Raw data Block Start

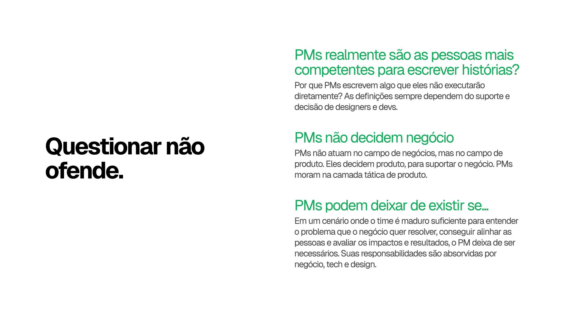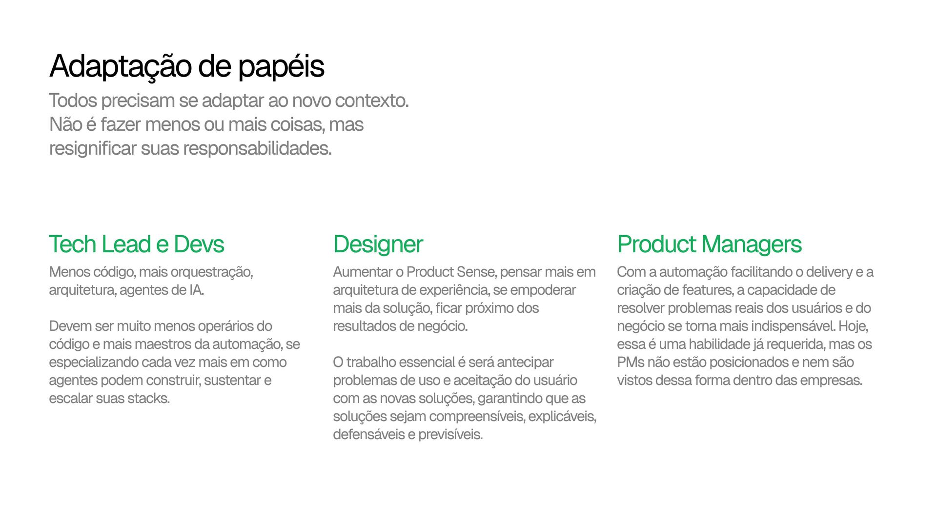 Não é uma mudança que acontece apenas com desenvolvedores, mas o papel dos PMs e também de Designers mudam drasticamente.
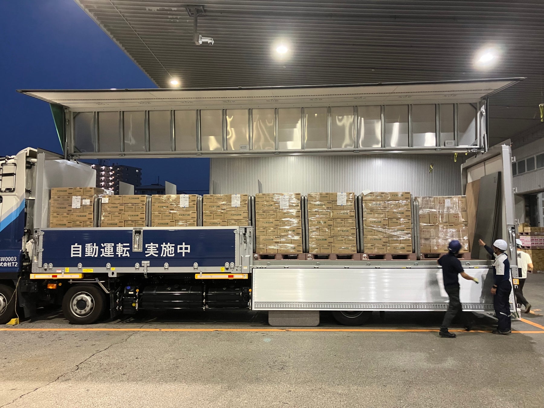 こうした見通しを踏まえて、F-LINEと、2027年にレベル4*⁴自動運転トラックによる幹線輸送サービスの開始を目指すT2は、本年2月から10月までの間、T2が開発したレベル2*⁵自動運転トラックを用いて上記6社の加工食品などの各種荷物を幹線輸送する実証に取り組んでまいりました。計5回にわたる実証において積載量を順次増やしていくとともに、昼間・夜間双方の時間帯で運行するなど、オペレーションおよび技術の両面で自動運転トラックの有効性を綿密に検証してきました。
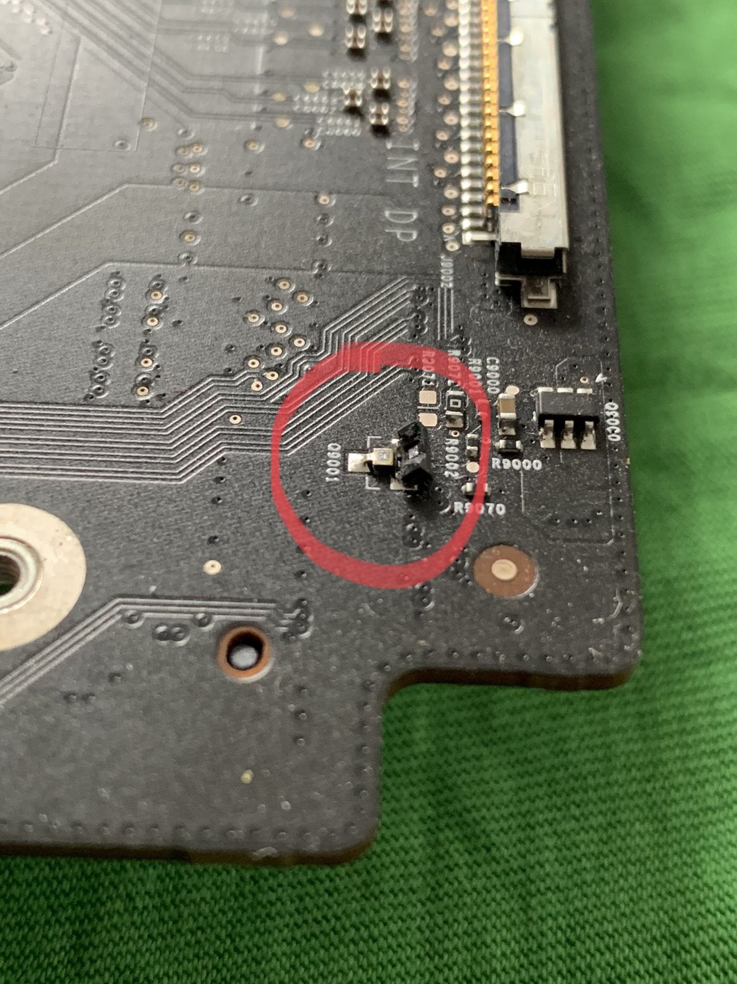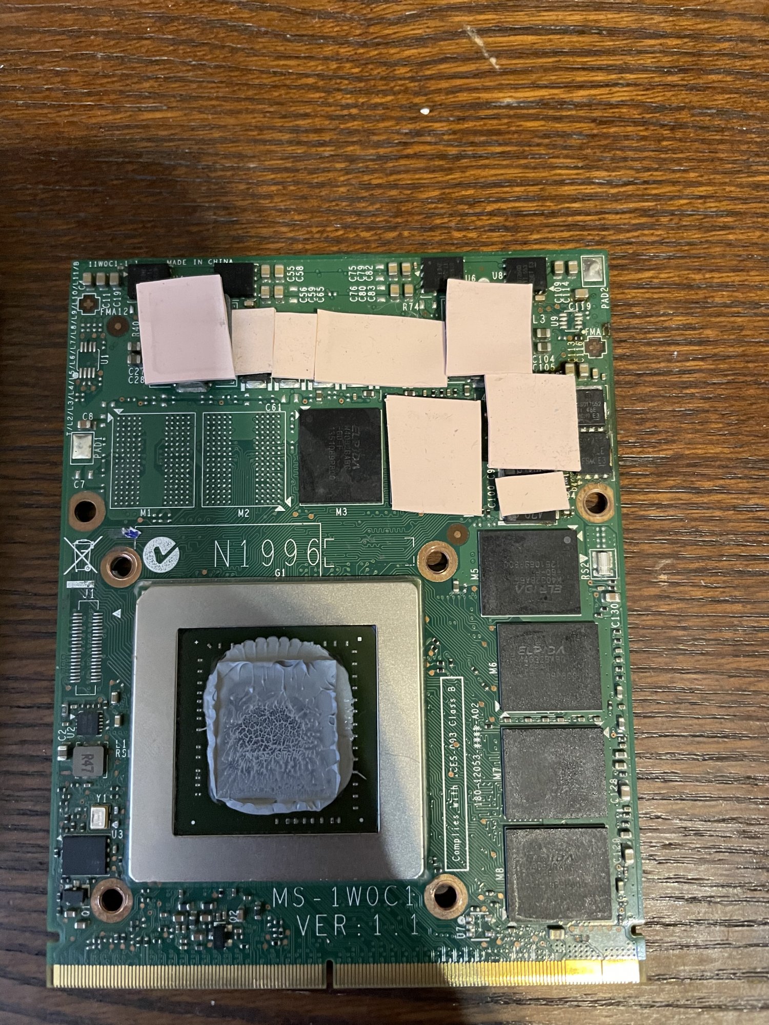 How to prevent knocking off this component again: Insert a hard plastic card (bank card, etc.) under the metal frame before shaking the MXM card out of its position.

Raw data Block End

Would you return the whole listing exactly, without the pictures?

Solution to this exercise:
 Não é uma mudança que acontece apenas com desenvolvedores, mas o papel dos PMs e também de Designers mudam drasticamente.
 こうした見通しを踏まえて、F-LINEと、2027年にレベル4*⁴自動運転トラックによる幹線輸送サービスの開始を目指すT2は、本年2月から10月までの間、T2が開発したレベル2*⁵自動運転トラックを用いて上記6社の加工食品などの各種荷物を幹線輸送する実証に取り組んでまいりました。計5回にわたる実証において積載量を順次増やしていくとともに、昼間・夜間双方の時間帯で運行するなど、オペレーションおよび技術の両面で自動運転トラックの有効性を綿密に検証してきました。
 How to prevent knocking off this component again: Insert a hard plastic card (bank card, etc.) under the metal frame before shaking the MXM card out of its position.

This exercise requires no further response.